**Data supplied**

⟨

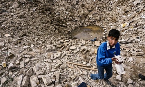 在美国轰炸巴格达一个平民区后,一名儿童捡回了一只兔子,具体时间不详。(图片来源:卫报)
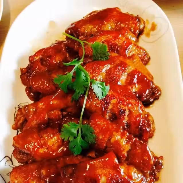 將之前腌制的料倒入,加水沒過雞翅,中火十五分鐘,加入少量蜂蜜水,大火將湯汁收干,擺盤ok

⟩
⟨

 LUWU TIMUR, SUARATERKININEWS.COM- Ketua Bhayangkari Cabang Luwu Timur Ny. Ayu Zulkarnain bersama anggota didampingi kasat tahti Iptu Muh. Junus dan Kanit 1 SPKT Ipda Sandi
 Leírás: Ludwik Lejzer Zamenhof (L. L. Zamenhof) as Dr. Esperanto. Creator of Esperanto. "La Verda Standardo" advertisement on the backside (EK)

⟩

**Task directions**
What are the lines in the records above, word for word, from the one containing "在美国轰炸巴格达一个平民区后" through the one containing "將之前腌制的料倒入,加水沒過", both ends included and pictures left out?

**Output for this task**
 在美国轰炸巴格达一个平民区后,一名儿童捡回了一只兔子,具体时间不详。(图片来源:卫报)
 將之前腌制的料倒入,加水沒過雞翅,中火十五分鐘,加入少量蜂蜜水,大火將湯汁收干,擺盤ok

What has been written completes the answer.